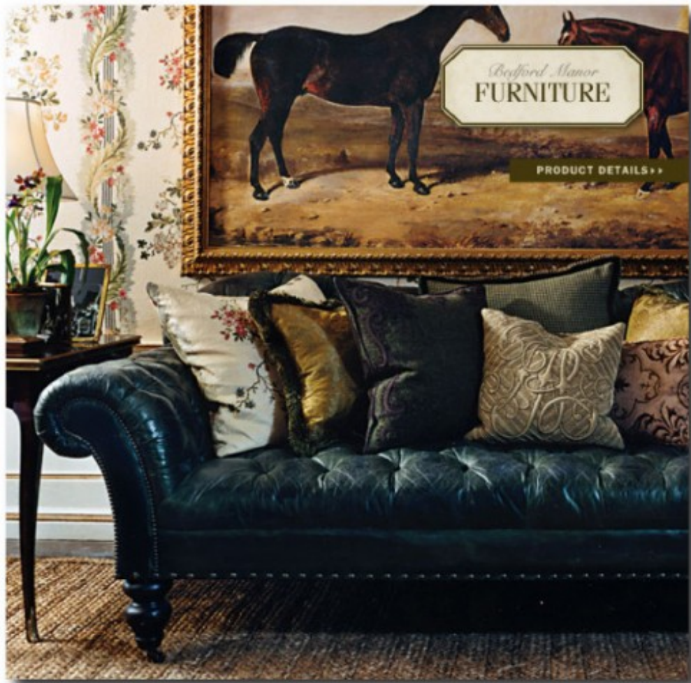
Bedford Manor Collection, 2008 -Seen On The Art Of The Room Blog
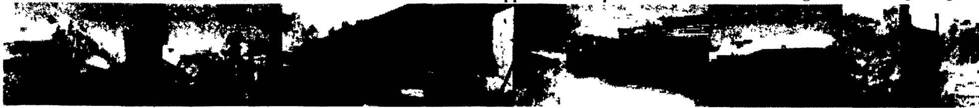
Conveyors All Sizes Elec Lifts All Types Building Structures Mobile Barriers Flatbed Trailers Chem Trans Trailers Cardboard Crushers
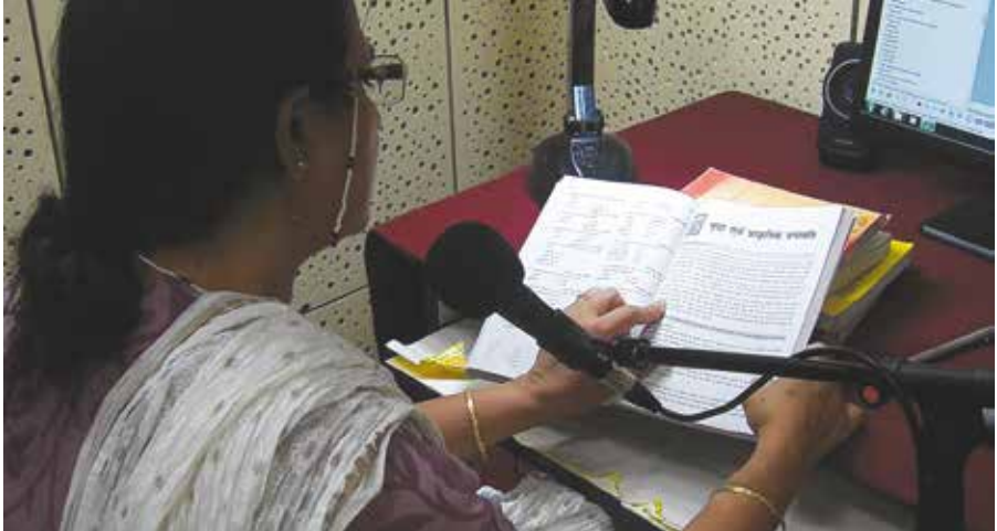
A woman recording a book into audio.
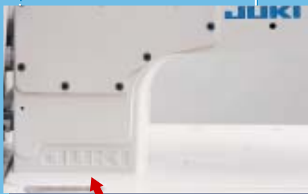
Embossed JUKI mark
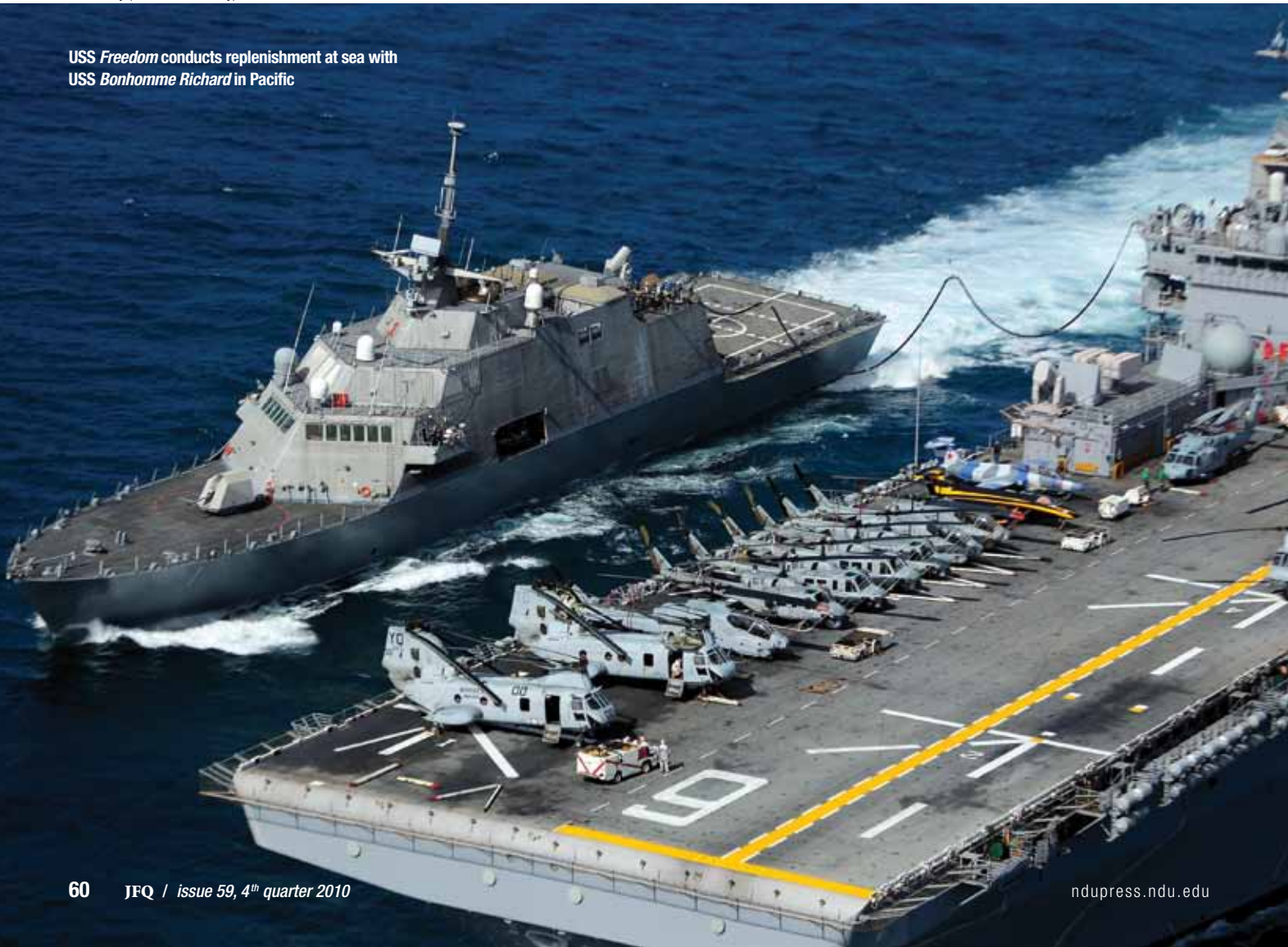
USS Freedom conducts replenishment at sea with USS Bonhomme Richard in Pacific
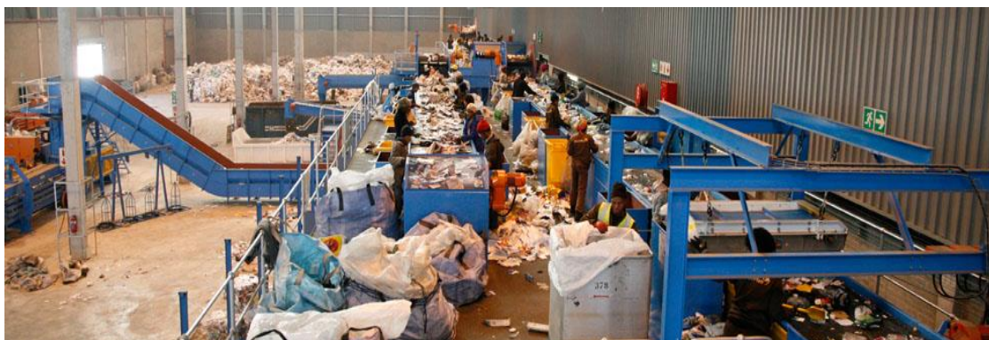
Figure 12: WastePlan Waltloo recycling factory, 2015. Workers sorting recyclables with residential recycling collections. Pretoria, RSA. (WastePlan 2015:[sp])

As a result of the disposable use of consumer products and the constant change in use value, the suggestion of Peterman that a nomadic quality is inherent to waste is central to how I interpret household waste. The WastePlan Waltloo recycling factory (2015) (Figure 12) located in close proximity to Rietondale is an example of how workers interact with the household waste of consumer society. The process of sorting, assisted by conveyer belts and chutes, demonstrates how humans steer the voyage of household waste. As workers handle the waste generated by consumer society, this remedied process of engagement points toward the time and effort invested into waste, a cultivation of sorts. During my initial attempt to explore waste materials, I considered the act of incorporating waste into art to instil the sense of cultivation into the subsequent artwork. However, the process of working with waste became more significant than creating an artwork to elevate the status of waste. Therefore, the interaction between humans and waste materials became central to this study.
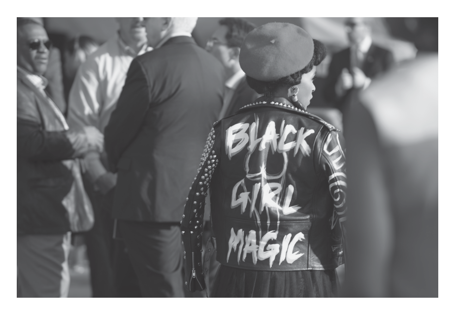
Figure 5.1 The Millennial singer, rapper, and actress Janelle Monáe in a Black Girl Magic jacket at the opening ceremony for the National Museum of African American History and Culture.

Indeed, fans of rap music are more concentrated among younger arts audiences (Peterson et al. 1996, 114). In the case of black museum philanthropy, younger patrons often place a heightened emphasis on hip hop and other forms of contemporary culture being inside the walls of African American museums (see Figure 5.1). As sociologists like Andreana Clay (2012) theorize, the cultural touchstones of various generations differ. For example, whereas baby boomers came of age during the birth of the Motown Sound, Generation Xers and Millennials came into their musical maturity when hip hop ruled the national and global airwaves. While older supporters do not reject the notion of African American museums as contemporary cultural spaces, their concern and interest in the contemporary is typically not as great as with their younger counterparts. Similarly, while cultural forms that were at their height in earlier periods interest younger supporters, in balance they are typically less enamored with them than are older patrons. Generational gaps in experience and knowledge mean that
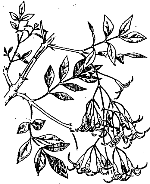
Drawing by Robert DeWitt Ivey

and strongly attenuated or pointed at the tip, hence the origin of the term "cuspidata." The fertilized flowers set papery seeds known as samaras; hard flattened nutlets partially surrounded by a long, tapered, somewhat flexible "wing" that aids in wind borne dispersal.

::::::

◆ **WHAT THIS TASK INVOLVES**:
Every line above should be copied exactly, apart from any pictures.

◆ **WRITTEN ANSWER**:
Bedford Manor Collection, 2008 -Seen On The Art Of The Room Blog
Conveyors All Sizes Elec Lifts All Types Building Structures Mobile Barriers Flatbed Trailers Chem Trans Trailers Cardboard Crushers
A woman recording a book into audio.
Embossed JUKI mark
USS Freedom conducts replenishment at sea with USS Bonhomme Richard in Pacific
Figure 12: WastePlan Waltloo recycling factory, 2015. Workers sorting recyclables with residential recycling collections. Pretoria, RSA. (WastePlan 2015:[sp])

As a result of the disposable use of consumer products and the constant change in use value, the suggestion of Peterman that a nomadic quality is inherent to waste is central to how I interpret household waste. The WastePlan Waltloo recycling factory (2015) (Figure 12) located in close proximity to Rietondale is an example of how workers interact with the household waste of consumer society. The process of sorting, assisted by conveyer belts and chutes, demonstrates how humans steer the voyage of household waste. As workers handle the waste generated by consumer society, this remedied process of engagement points toward the time and effort invested into waste, a cultivation of sorts. During my initial attempt to explore waste materials, I considered the act of incorporating waste into art to instil the sense of cultivation into the subsequent artwork. However, the process of working with waste became more significant than creating an artwork to elevate the status of waste. Therefore, the interaction between humans and waste materials became central to this study.
Figure 5.1 The Millennial singer, rapper, and actress Janelle Monáe in a Black Girl Magic jacket at the opening ceremony for the National Museum of African American History and Culture.

Indeed, fans of rap music are more concentrated among younger arts audiences (Peterson et al. 1996, 114). In the case of black museum philanthropy, younger patrons often place a heightened emphasis on hip hop and other forms of contemporary culture being inside the walls of African American museums (see Figure 5.1). As sociologists like Andreana Clay (2012) theorize, the cultural touchstones of various generations differ. For example, whereas baby boomers came of age during the birth of the Motown Sound, Generation Xers and Millennials came into their musical maturity when hip hop ruled the national and global airwaves. While older supporters do not reject the notion of African American museums as contemporary cultural spaces, their concern and interest in the contemporary is typically not as great as with their younger counterparts. Similarly, while cultural forms that were at their height in earlier periods interest younger supporters, in balance they are typically less enamored with them than are older patrons. Generational gaps in experience and knowledge mean that
Drawing by Robert DeWitt Ivey

and strongly attenuated or pointed at the tip, hence the origin of the term "cuspidata." The fertilized flowers set papery seeds known as samaras; hard flattened nutlets partially surrounded by a long, tapered, somewhat flexible "wing" that aids in wind borne dispersal.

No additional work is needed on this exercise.